AIM OF THE TASK. Reproduced exactly, the lines from the start of the material through the line containing "(本网讯)10月30日,35" should be the whole answer, with pictures excluded.

DATA SEGMENT.
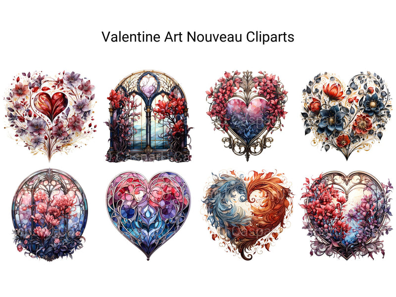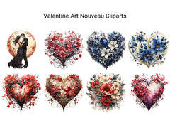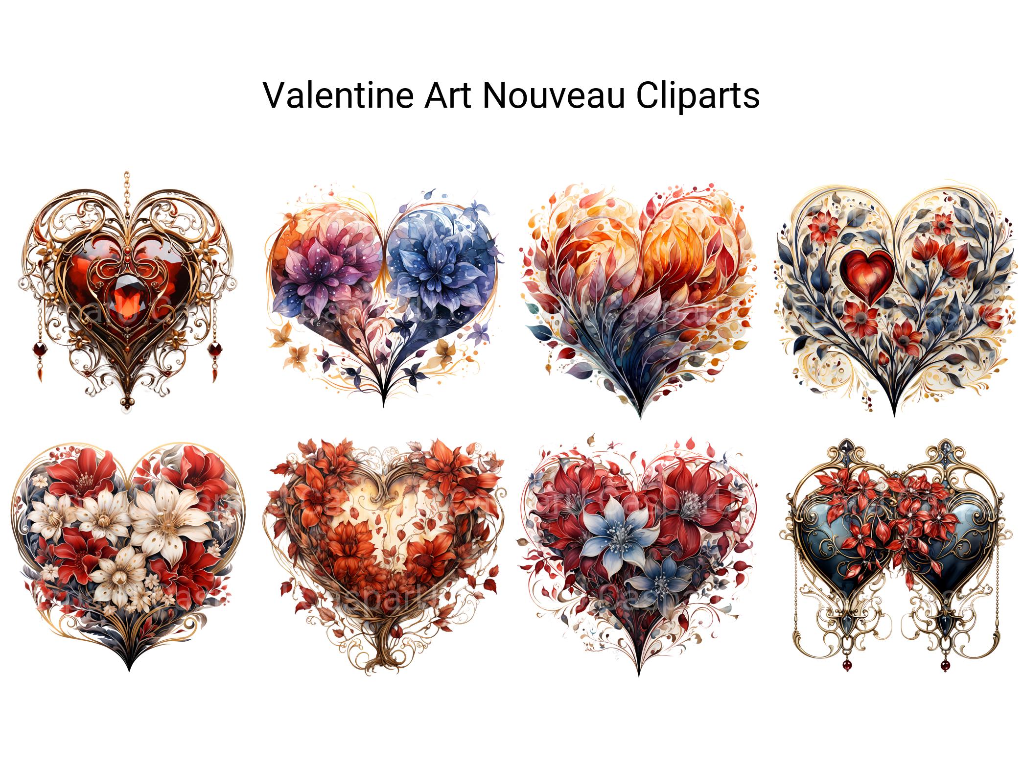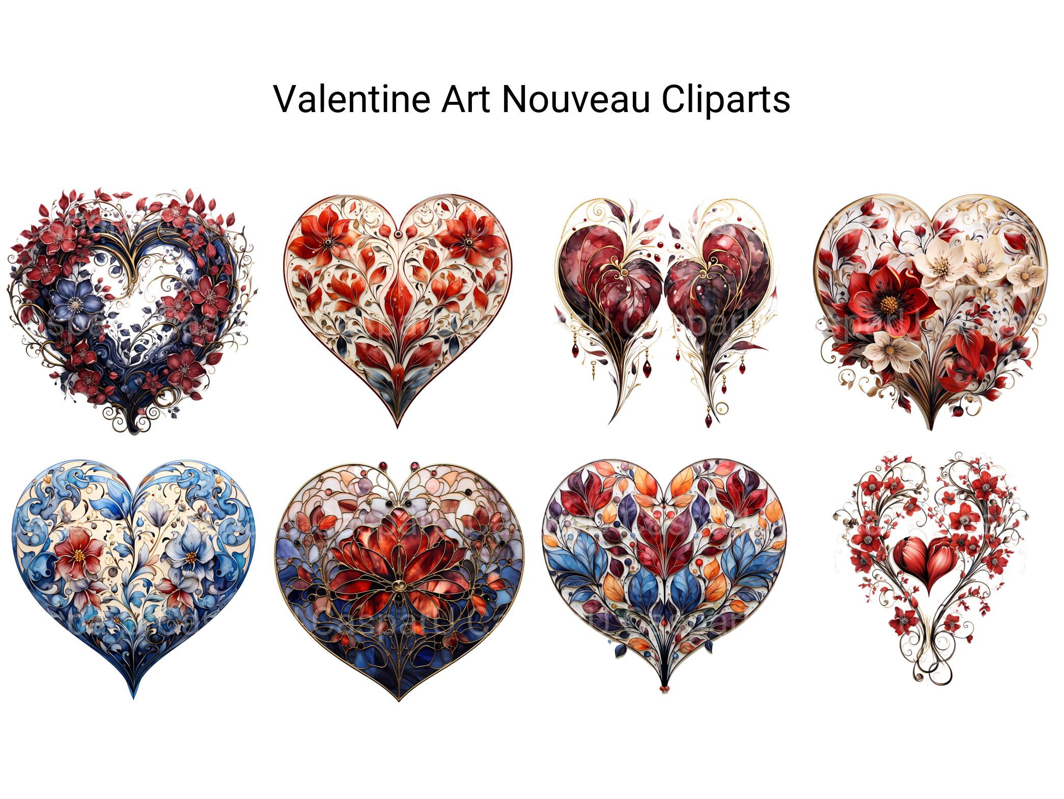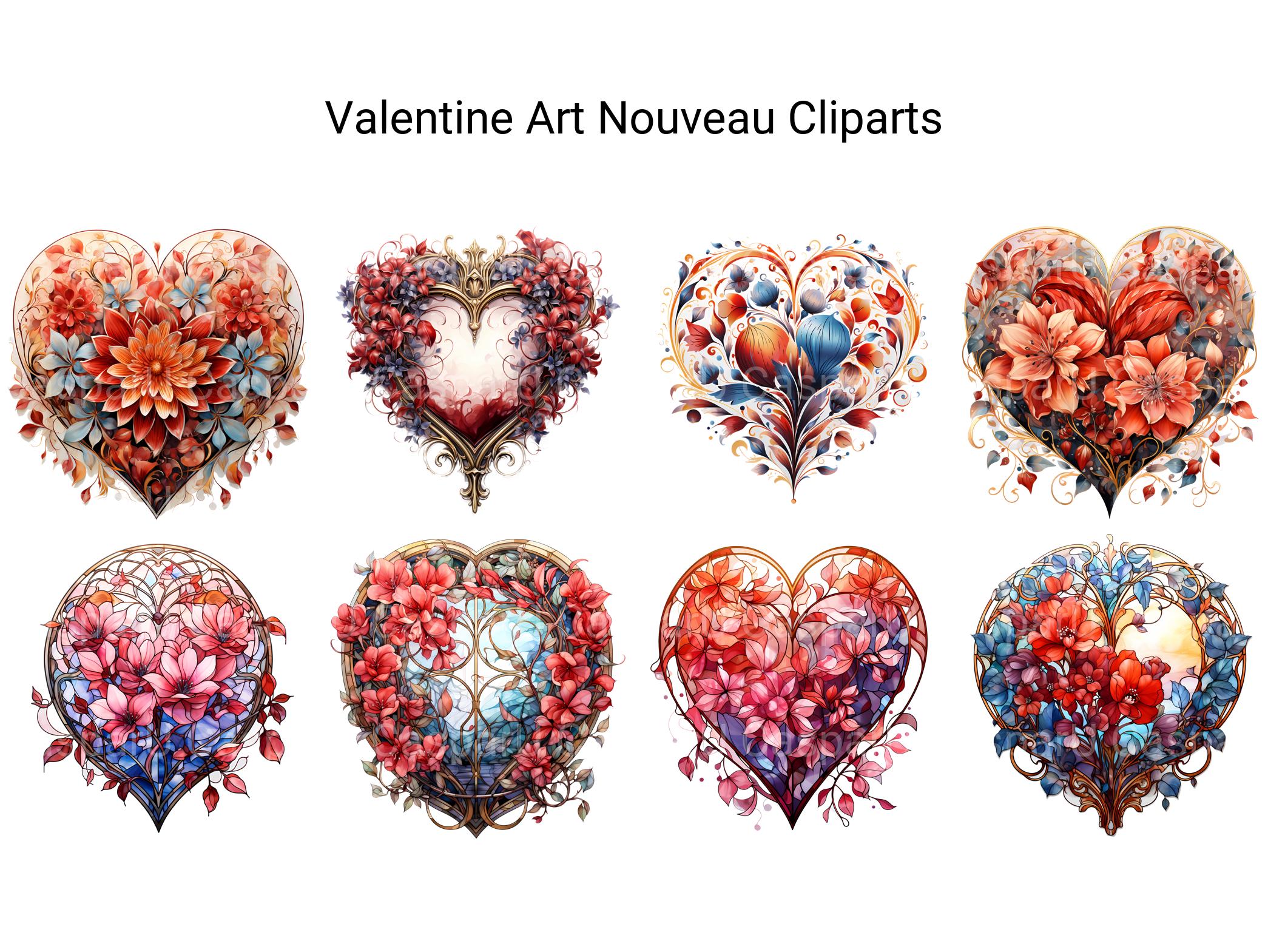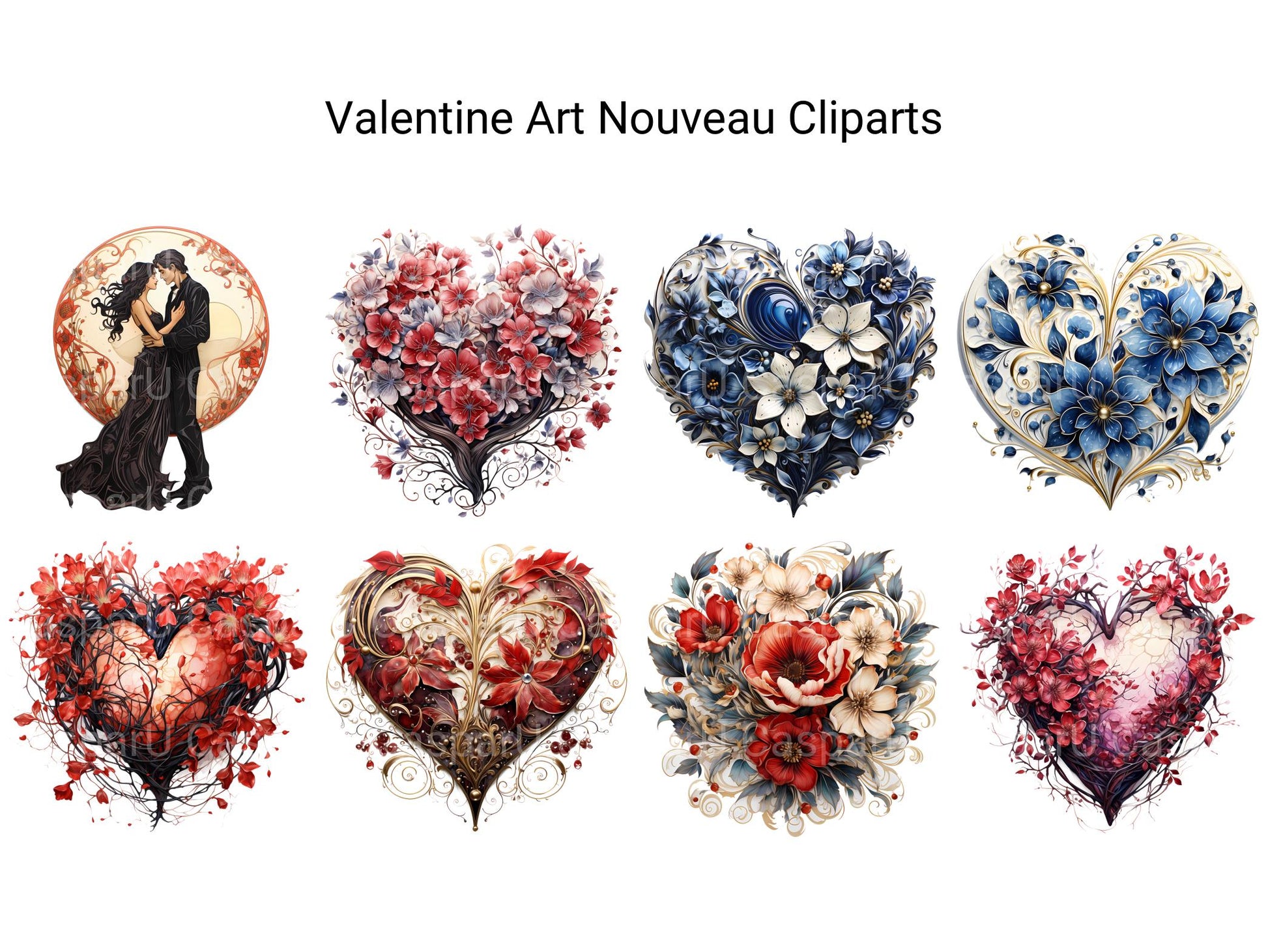 Immerse yourself in the elegance of Art Nouveau with digital clip art featuring Valentine's Day illustrations inspired by the iconic style. With flowing lines and intricate details, these graceful images evoke the romance and sophistication of the Belle Époque era, perfect for adding a touch of vintage charm to your Valentine's Day projects. Let the timeless allure of Art Nouveau captivate your celebrations, inviting viewers to revel in the beauty of love's artistic expression.
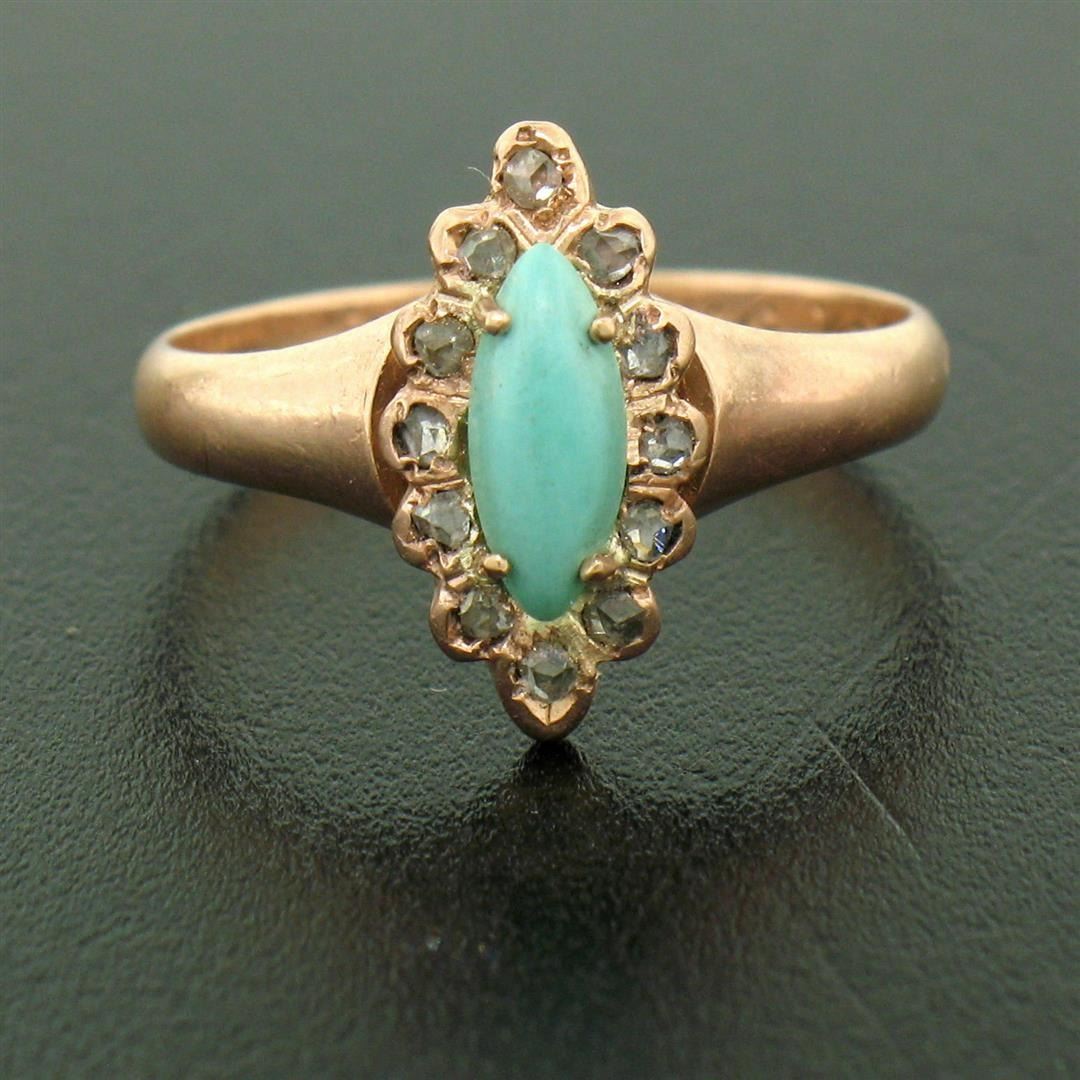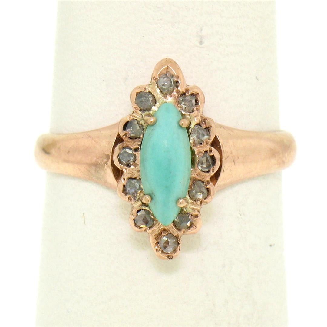 One Antique Victorian 10K Rose Gold Marquise Turquoise .30ctw Diamond Solitaire Ring. Item Details: Material: 10K Rose Gold, Weight: 2.2 Grams, Stone(s): (1) Natural Genuine Turquoise - Marquise Cabochon Cut - Prong Set - Turquoise Blue Color - 8.10x3.41mm, (12) Natural Genuine Diamonds - Rose Cut - Pave Set - H Color - SI1 Clarity - 0.30ctw (approx.), Total Carat Weight: 0.30 (approx.), Ring Size: 5.75 (We can custom size this ring.), Ring Width: 13.53mm, Ring Height: 5.75mm rise off the finger
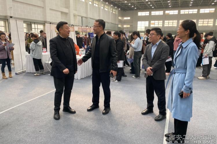 (本网讯)10月30日,350vip8888新葡的京集团2026届毕业生秋季大型校园招聘会(综合类第七场)在未央校区体育馆圆满举行。西安市委党委统战部副部长原大刚、新葡京集团党委副书记马福莅临招聘会现场指导。
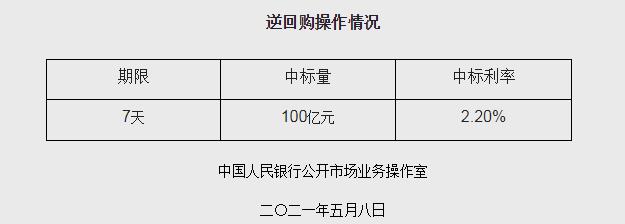 據人行網站消息,為維護銀行體系流動性合理充裕,2021年5月8日人民銀行以利率招標方式開展了100億元逆回購操作。具體情況如下:

SOLUTION FOR THIS EXERCISE.
 Immerse yourself in the elegance of Art Nouveau with digital clip art featuring Valentine's Day illustrations inspired by the iconic style. With flowing lines and intricate details, these graceful images evoke the romance and sophistication of the Belle Époque era, perfect for adding a touch of vintage charm to your Valentine's Day projects. Let the timeless allure of Art Nouveau captivate your celebrations, inviting viewers to revel in the beauty of love's artistic expression.
 One Antique Victorian 10K Rose Gold Marquise Turquoise .30ctw Diamond Solitaire Ring. Item Details: Material: 10K Rose Gold, Weight: 2.2 Grams, Stone(s): (1) Natural Genuine Turquoise - Marquise Cabochon Cut - Prong Set - Turquoise Blue Color - 8.10x3.41mm, (12) Natural Genuine Diamonds - Rose Cut - Pave Set - H Color - SI1 Clarity - 0.30ctw (approx.), Total Carat Weight: 0.30 (approx.), Ring Size: 5.75 (We can custom size this ring.), Ring Width: 13.53mm, Ring Height: 5.75mm rise off the finger
 (本网讯)10月30日,350vip8888新葡的京集团2026届毕业生秋季大型校园招聘会(综合类第七场)在未央校区体育馆圆满举行。西安市委党委统战部副部长原大刚、新葡京集团党委副书记马福莅临招聘会现场指导。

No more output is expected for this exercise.